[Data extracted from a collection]
________________________
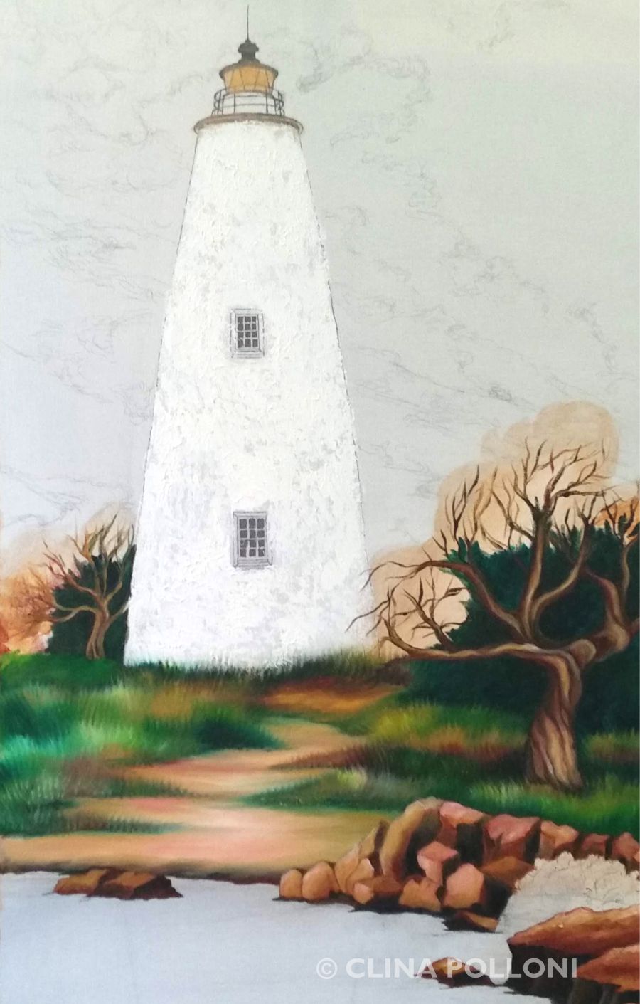 “The texture of the walls of the lighthouse were so interesting that in order to accomplished, I used super heavy gesso. I am proud to add this painting to the collection of oil paintings that I am doing about North Carolina. Ocracoke Island is an enchanting place with its natural beauty, the long-ago tales of pirates and ships, an inspiration for us artists.”
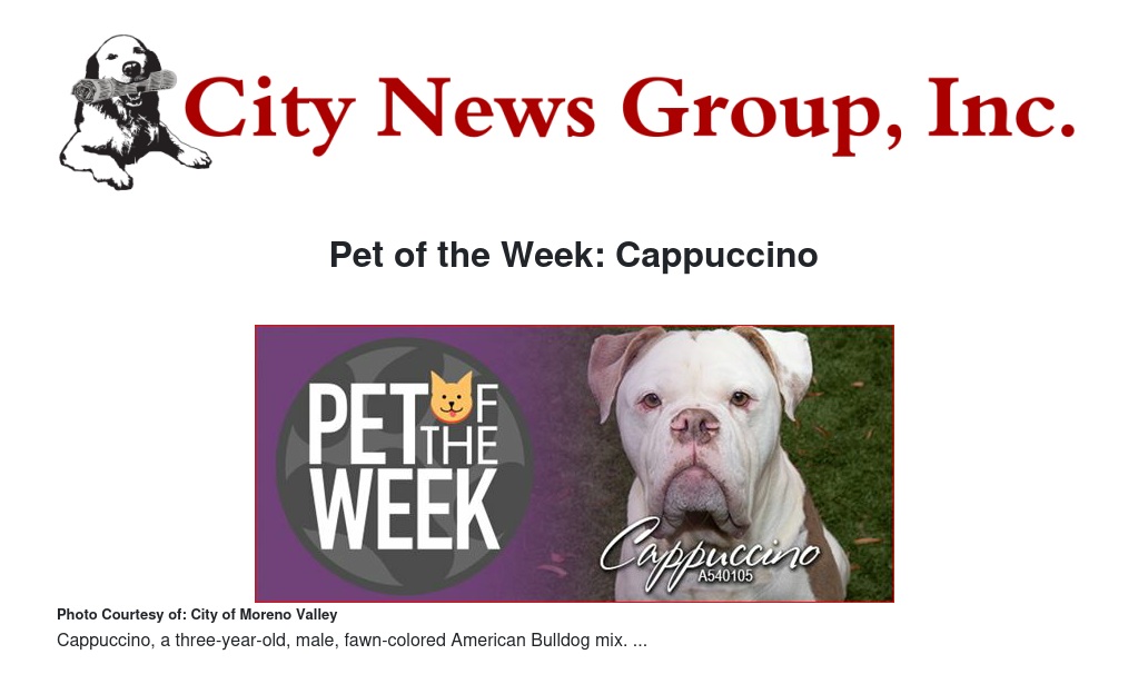 If you would like to make Cappuccino or any pet from the Moreno Valley Animal Shelter part of your family, please contact the Moreno Valley Animal Shelter at 951.413.3790 or visit www.moval.org/pets
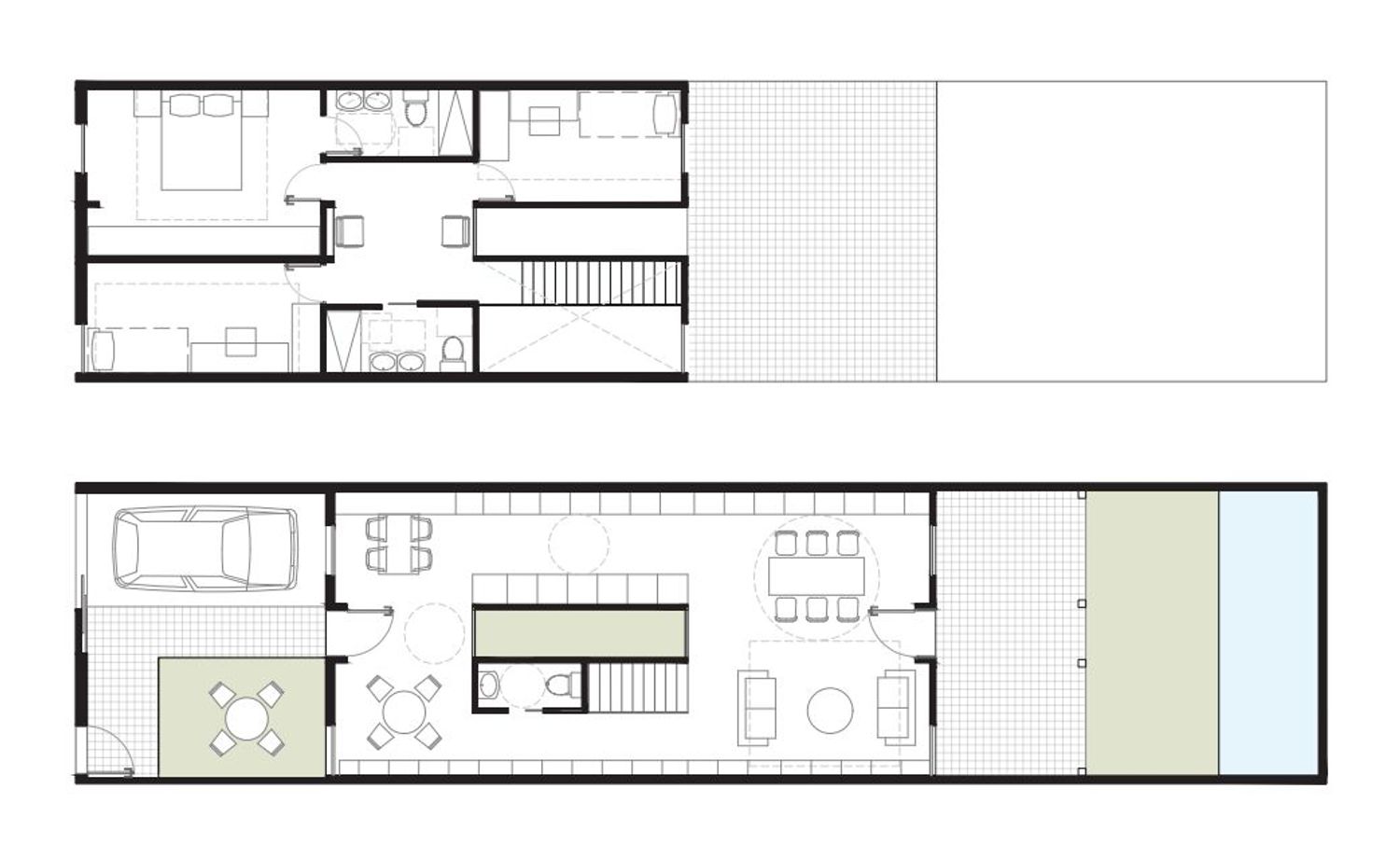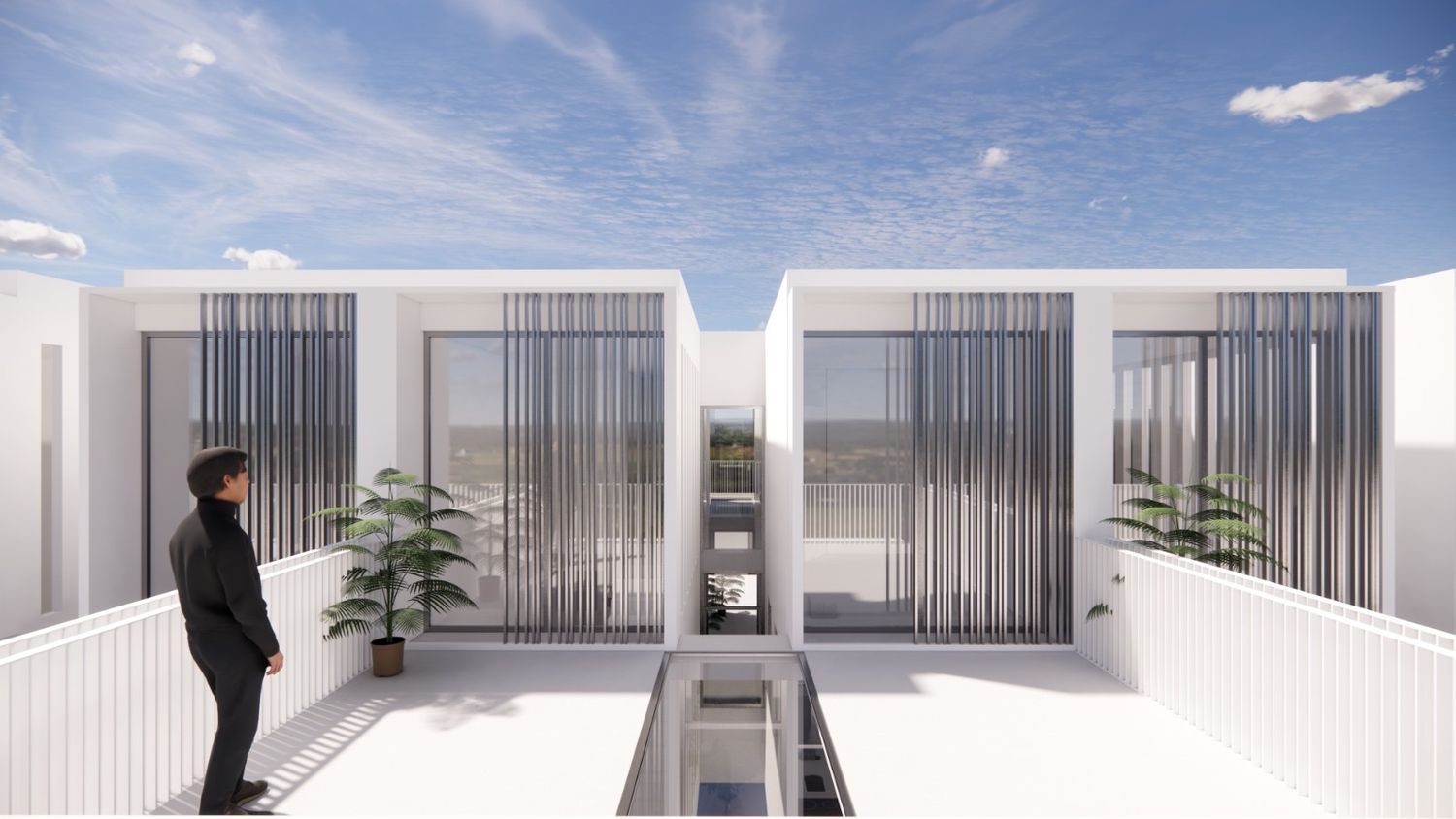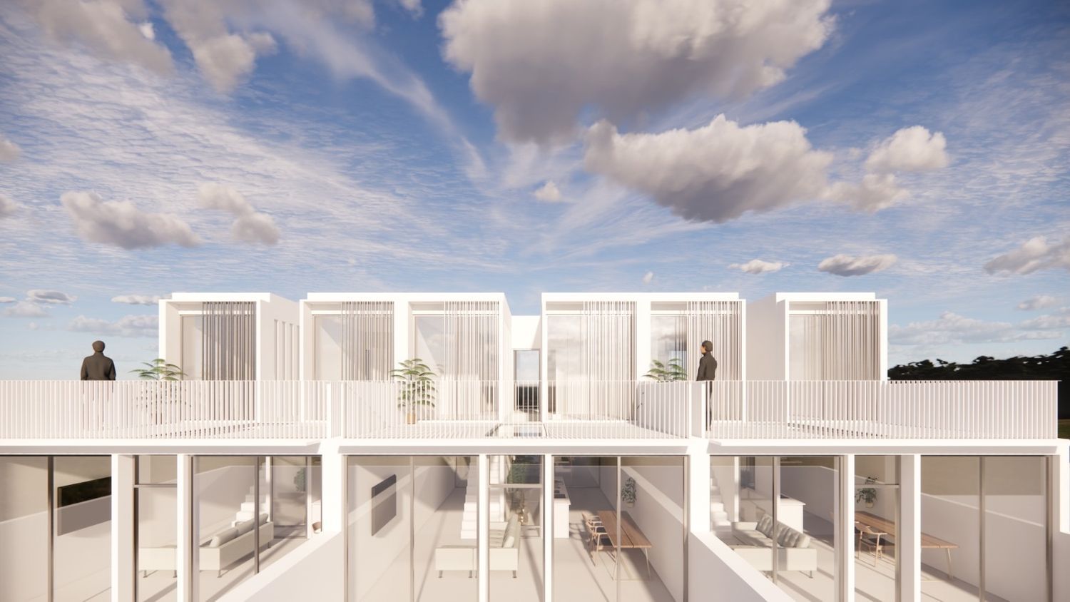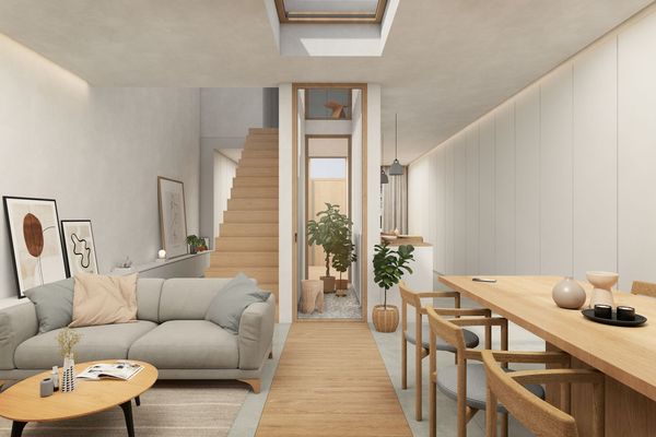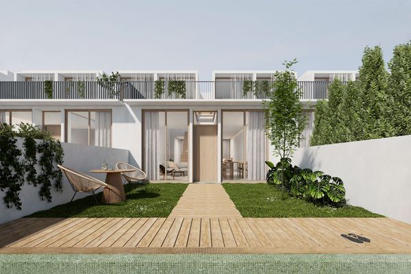 The thoughtfully designed homes are spread across two levels. The ground floor welcomes you with a spacious entry area, complete with a covered garage. An open kitchen seamlessly connects to a living and dining room, providing a modern and airy feel. Here, a convenient guest restroom is available, along with a generous 47 square meter rear garden where a pool can be installed upon request.
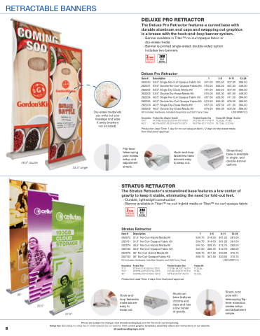 The Deluxe Pro Retractor features a curved base with durable aluminum end caps and swapping out graphics is a breeze with the hook-and-loop banner system.
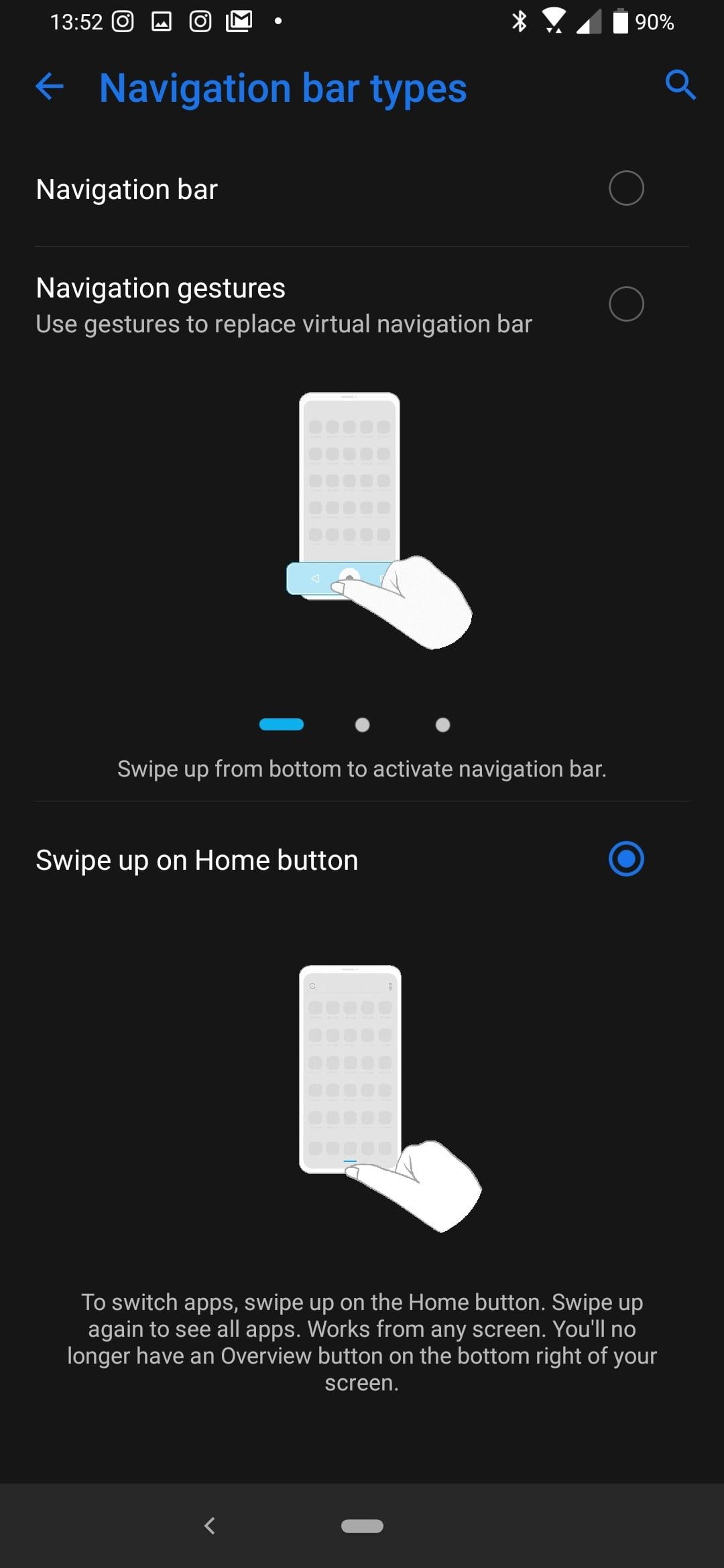 Ve a Configuración>Pantalla>Barra de navegación. Ahora, toca en Tipos de barra de navegación y elige Barra de navegación para los botones habituales de Android o Botón Inicio para utilizar el nuevo sistema de estilo de gestos. Asus también ofrece una tercera opción llamada Gestos de Navegación, que elimina los botones por completo para que puedas volver al inicio o abrir aplicaciones recientes mediante deslizamientos desde la parte inferior de la pantalla.
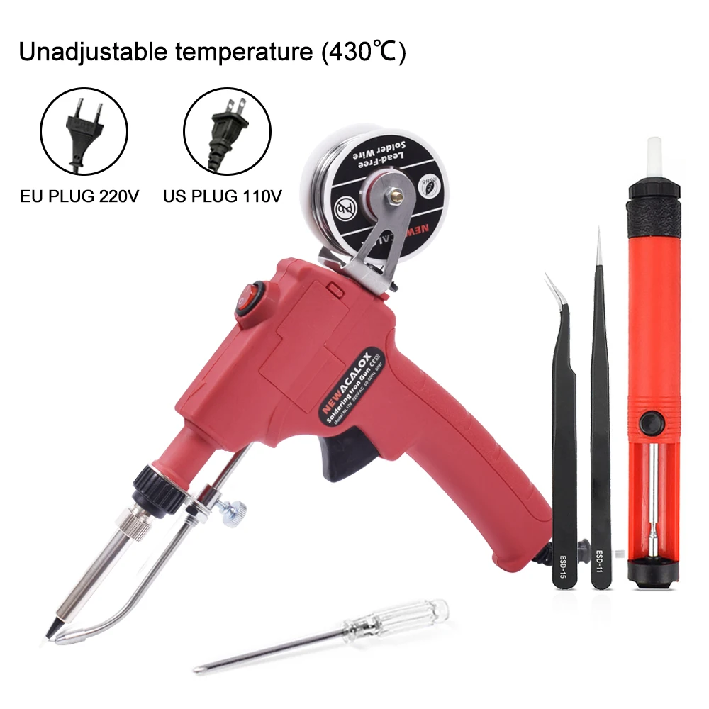 Ручной паяльник NEWACALOX, вилка стандарта ЕССША, мощность 60 Вт, быстрый нагрев, автоматическая подача оловянного пистолета, для сварки печатных плат и ремонта, припой с проводом 1 мм
________________________
Reproduce the data above line for line, from its first line through the line containing "If you would", both ends included, with the pictures omitted and nothing more.

Expected answer:
 “The texture of the walls of the lighthouse were so interesting that in order to accomplished, I used super heavy gesso. I am proud to add this painting to the collection of oil paintings that I am doing about North Carolina. Ocracoke Island is an enchanting place with its natural beauty, the long-ago tales of pirates and ships, an inspiration for us artists.”
 If you would like to make Cappuccino or any pet from the Moreno Valley Animal Shelter part of your family, please contact the Moreno Valley Animal Shelter at 951.413.3790 or visit www.moval.org/pets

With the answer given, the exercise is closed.